How (not) to design a Metrics API – Part 3: Groups, Collections & Samples
This is part three in a series of articles on how best to design an application metrics monitoring library, in particular its API, providing versatility both in terms of application of the library across domains & environments and in its implementation by one or more vendors. Please read part 1 and part 2 if you have not already done so.
In part 1 we introduced the concept of an information model (the set of all possible measurements) and a management model (the set of measures used for management purposes) showing how creation of a
Measure was distinct from its registration as a
Metric within the JXInsight/OpenCore Metrics Open API. One benefit cited in having these model distinctions was that it allowed us to
register the same
Measure under different
Name instances which can be useful in supporting legacy reporting clients and plugins.
Two common problems that arise in registering multiple measurements that obtain their values from an external component or resource are access cost and value integrity. To allow amortization of a single (possibly expensive) access across multiple related measurement samplings a
Group interface is available in the Metrics Open API containing just a single method,
prepare, that will be invoked before any associated measurements are sampled in a collection cycle.
The Metrics API provides an overloaded
register method which takes a
Group parameter to make this association.
Group also ensures value integrity in that for a single collection cycle the same
UsageMemory instance is used. Without this facility it is possible to have heap measurement samples that as a whole are inconsistent such as the
total which is the case for the two alternative libraries at the bottom of this article.
Of course this only works if access to the registered
Measure beyond the scope of the registration code is prevented, which is the case for the Metrics API. Even with a reference to a
Metric instance looked up using a
Name instance it is not possible to access the underlying
Measure or indirectly cause the
Measure to provide an immediate value unless the
Measure itself is a
Gauge accessible via the
Metrics.gauge(Name) methods.
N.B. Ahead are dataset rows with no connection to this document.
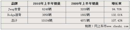 Jeep吉普和Dodge道奇兩大品牌在2010年上半年銷(xiāo)量已經(jīng)超過(guò)2009年全年的總銷(xiāo)量。2010年上半年Jeep吉普品牌車(chē)型銷(xiāo)量達(dá)6248量,較去年上半年增長(zhǎng)了94.7%。
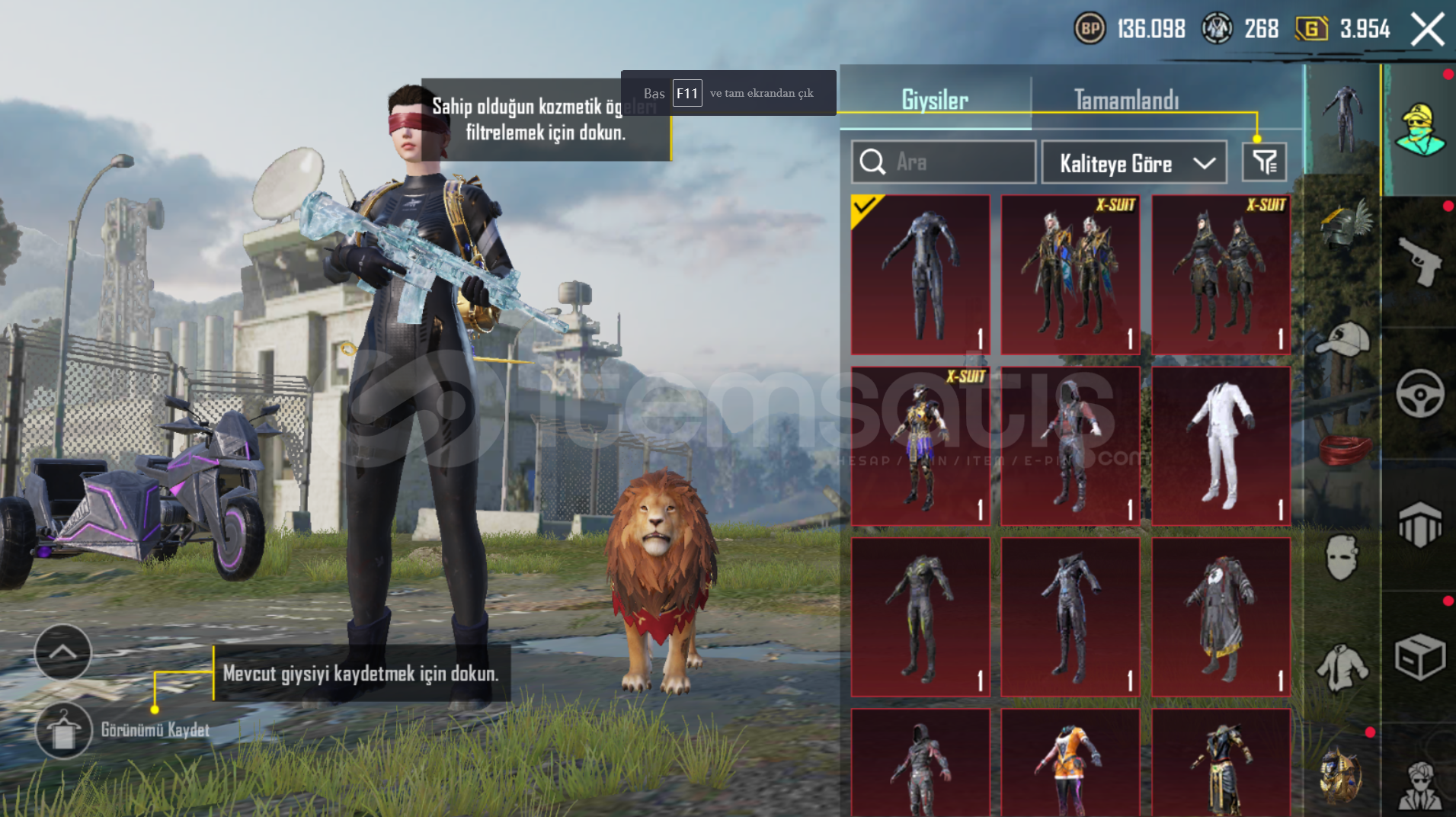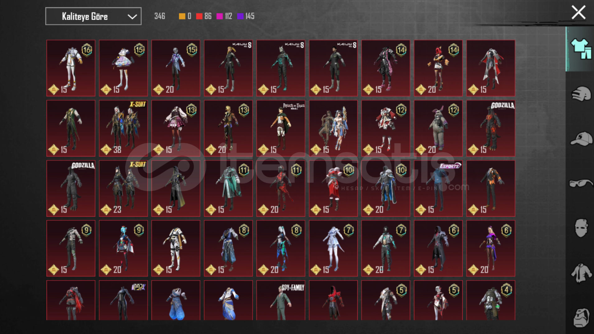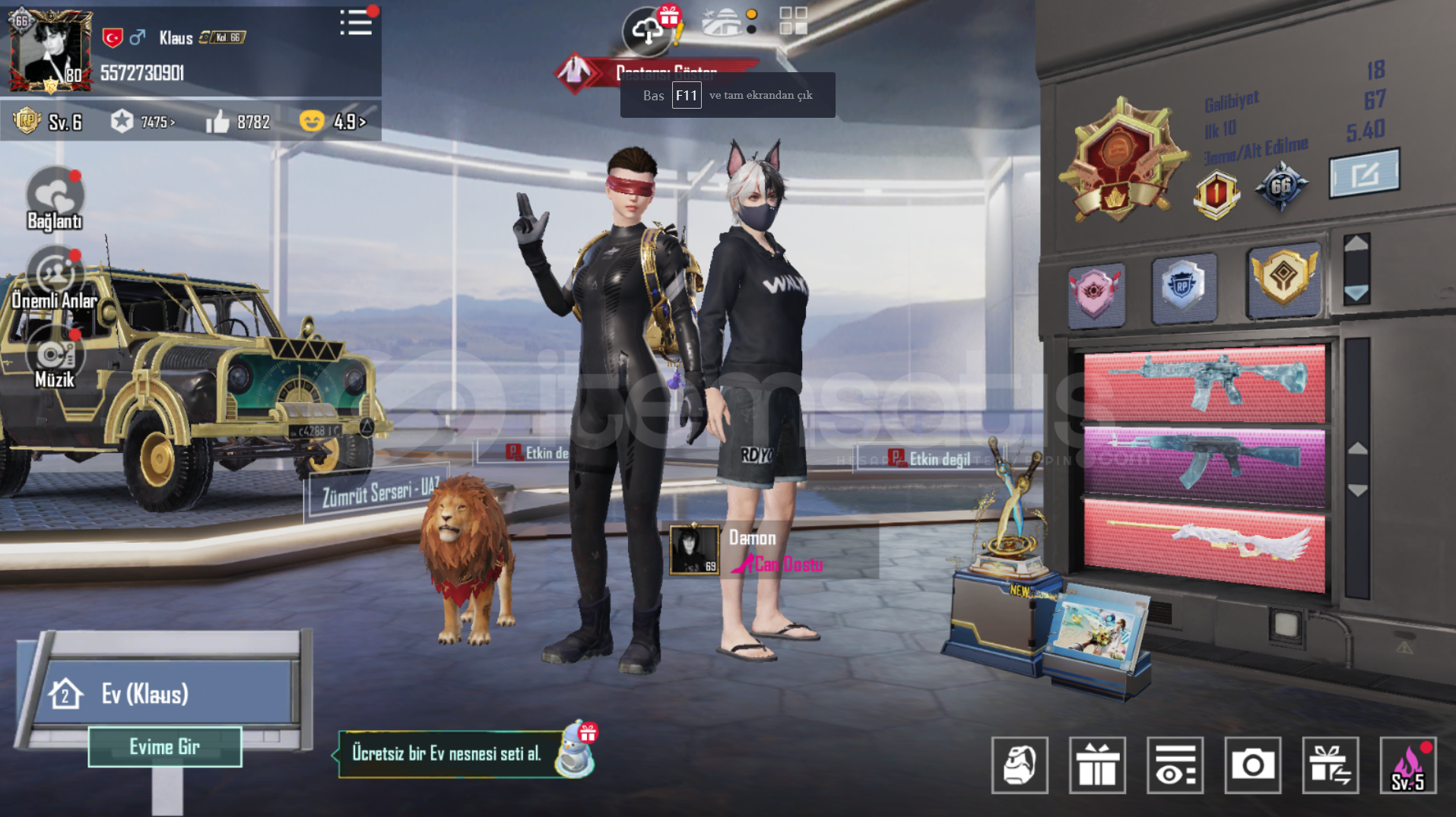 Toplam 142 adet destansı bulunmaktadır.33 adet yükseltilebilir silah.66 seviye koleksiyon.royale pass açık.3 adet x suit.Mail değişimi ile hesap devredilir.
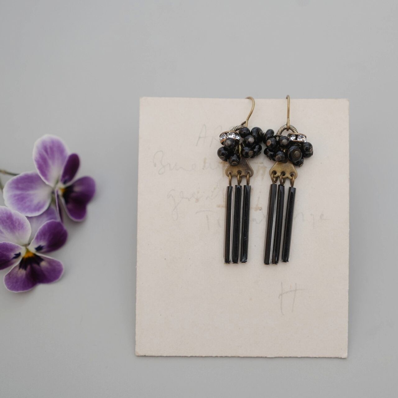 素材:ヴィンテージビーズ、オニキス、ラインストーン、真鍮にメッキ

But it is possible to access summary information related to measurement samplings that have been performed up to that point for the
How and when collections are performed is left to the underlying implementation of the Metrics SPI though it is expected that most implementations will use one or more polling threads to perform a single sample collection cycle across all registered metrics at fixed intervals with the contractual constraint that all
Group instances have their
prepare method invoked once in a cycle before their associated measurements are sampled.
Note: JXInsight/OpenCore by default uses one polling thread initially. This polling is automatic with system properties used to externally configure its behavior in terms of collection interval and history management.
The Metrics API does allow access to recently created
Collection instances and the
Sample instances contained within such. Memory management and persistence storage concerns are left to the Metrics SPI implementation. We expect implementations to offer integrations with external system management solutions where such collections can be analyzed and archived.
Note: JXInsight/OpenCore offers a number of integration extensions and plugins that offer this capability – all are configuration driven.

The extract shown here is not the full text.